◆ Work to be completed
Pictures are not repeated. Every line from the beginning of the entries through the one with "Vermilion-Lloydminster-Wainwright MLA Garth" is restated exactly.

Data entries:
>>>>

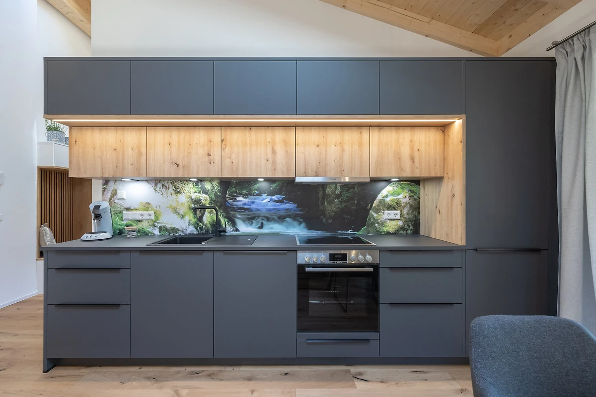- eine vollausgestattete Küche mit Kühlschrank mit Gefrierfach, Herd mit 4 Kochfeldern, Backofen, Wasserkocher, Toaster, Pad-kaffeemaschine, Spülmaschine und Küchengrundausstattung
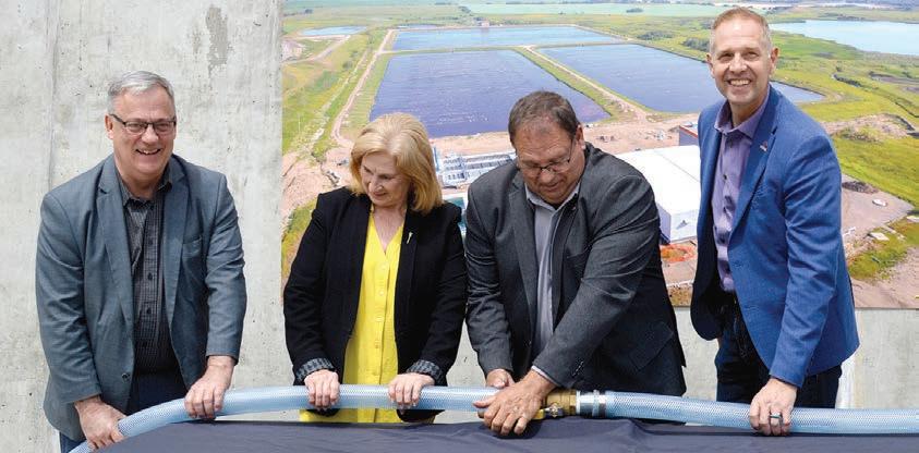 Vermilion-Lloydminster-Wainwright MLA Garth Rowswell, Lloydminster MLA and Sask Advanced Education Minister, Colleen Young and Nathan Neudorf, Sask’s Minister of Affordability and Utilities, were all smiles on Tuesday afternoon as Mayor Gerald Aalbers ceremoniously put the City of Lloydminster’s longawaited wastewater treatment plant online by turning a valve.
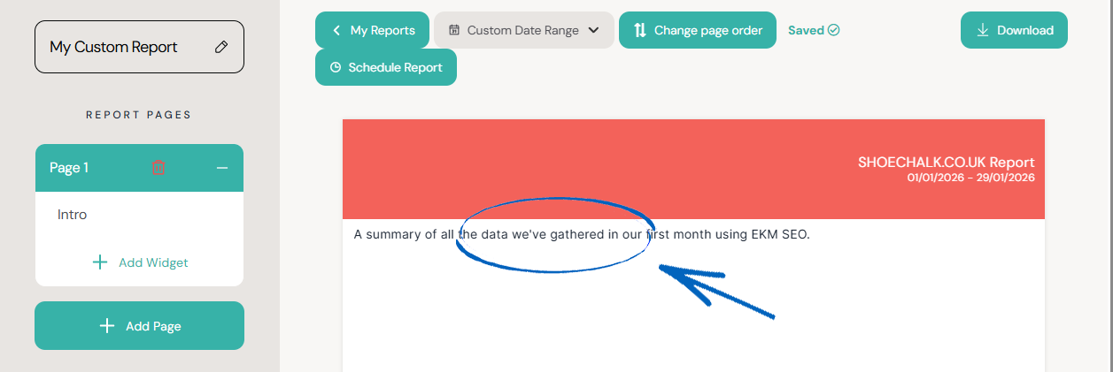 [intro] The Report Builder is a tool that shows the work behind your website's SEO improvements. Your EKM SEO account can pull data from Google Analytics (GA4) and Google Search Console, so you get a complete picture of your website's performance. [/intro]
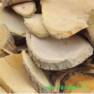 【性 状】表面灰黄色,有细纵皱纹及细根痕,刮除栓皮者呈红棕色。易折断,断面浃坦,皮部易肃落,木部占大部分,灰黄色至棕黄色
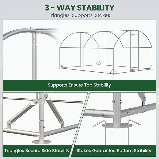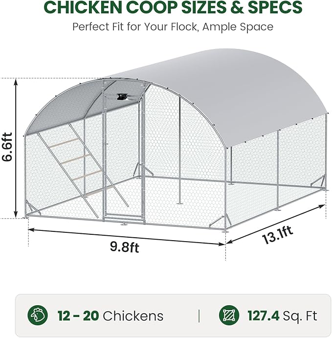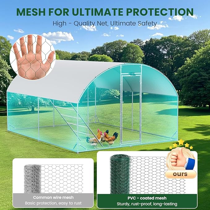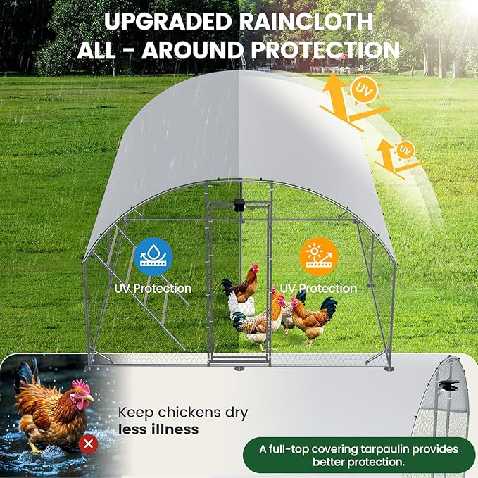 - 🐥【Convenient & Safety Lockable Door】:This chicken run for yard with cover is designed with a firm gate, reinforced door, and lock function for easy access in and out. The narrowed gap to avoid chickens escaping and wild animals (like foxes, weasels) entering, fully protecting the safety of your poultry.
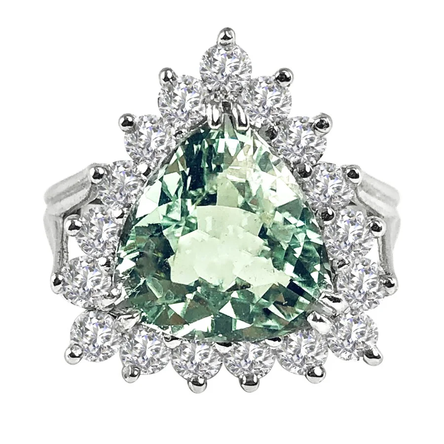 What would the queen wear? From our Crown City collection, this lovely blue-green tourmaline is ringed by seventeen F in color and VS in clarity diamonds that total 1.1 carats. This Paraiba type color is prized by many. A gem-quality trilliant cut, the star of this show weighs in at 4.28 carats and offers a wonderful world of light green and blue. Exhibiting the signature shank from our Crown City collection, this splendid ring is set in 18k white gold. Compare at $8,199

<<<<

◆ Written solution
- eine vollausgestattete Küche mit Kühlschrank mit Gefrierfach, Herd mit 4 Kochfeldern, Backofen, Wasserkocher, Toaster, Pad-kaffeemaschine, Spülmaschine und Küchengrundausstattung
 Vermilion-Lloydminster-Wainwright MLA Garth Rowswell, Lloydminster MLA and Sask Advanced Education Minister, Colleen Young and Nathan Neudorf, Sask’s Minister of Affordability and Utilities, were all smiles on Tuesday afternoon as Mayor Gerald Aalbers ceremoniously put the City of Lloydminster’s longawaited wastewater treatment plant online by turning a valve.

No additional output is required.